MATERIAL PROVIDED:
=-=-=
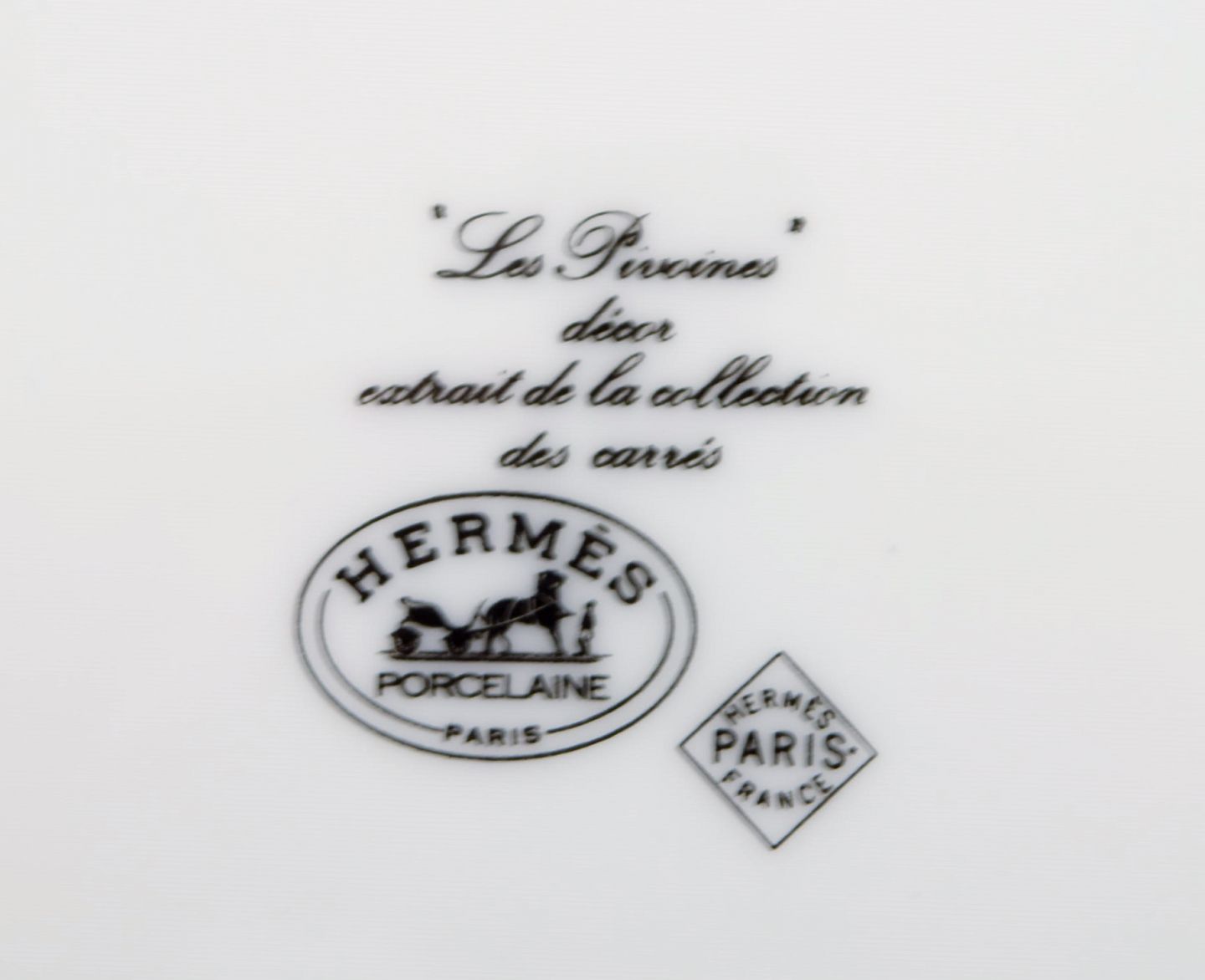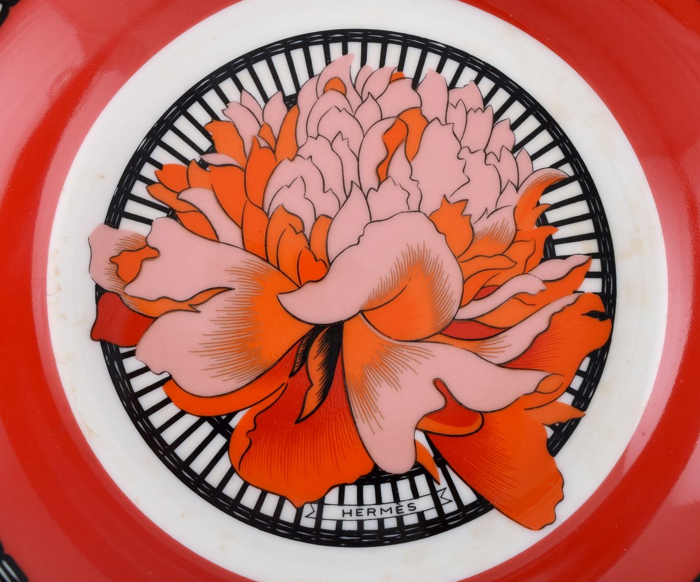 Seks Hermès skåle i porcelæn dekoreret med røde blomster. 1980erne. Måler: 19,5 x 3,8 cm. I flot stand. Stemplet.
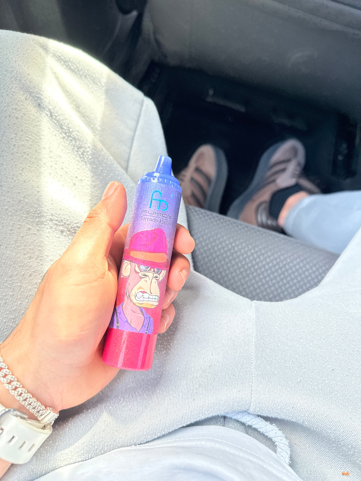 A person is seen holding a FUMOT Tornado 15000 disposable vape in their hand, inside a vehicle. The vape is pink and purple and features a cartoon character on its side. The person is wearing a white…read more
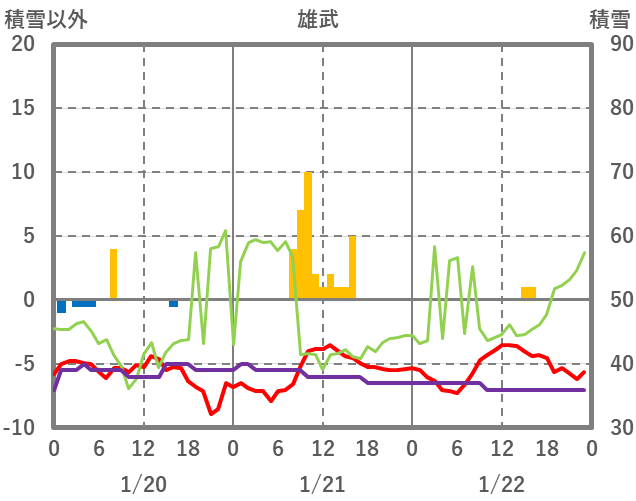| 日 | 時 | 気温 | 降水 | 風向/風速 | 日照 | 積雪 | 降雪 |
=-=-=
WORK REQUEST: Print the material verbatim; drop the pictures.

THE COMPLETED TASK:
 Seks Hermès skåle i porcelæn dekoreret med røde blomster. 1980erne. Måler: 19,5 x 3,8 cm. I flot stand. Stemplet.
 A person is seen holding a FUMOT Tornado 15000 disposable vape in their hand, inside a vehicle. The vape is pink and purple and features a cartoon character on its side. The person is wearing a white…read more
| 日 | 時 | 気温 | 降水 | 風向/風速 | 日照 | 積雪 | 降雪 |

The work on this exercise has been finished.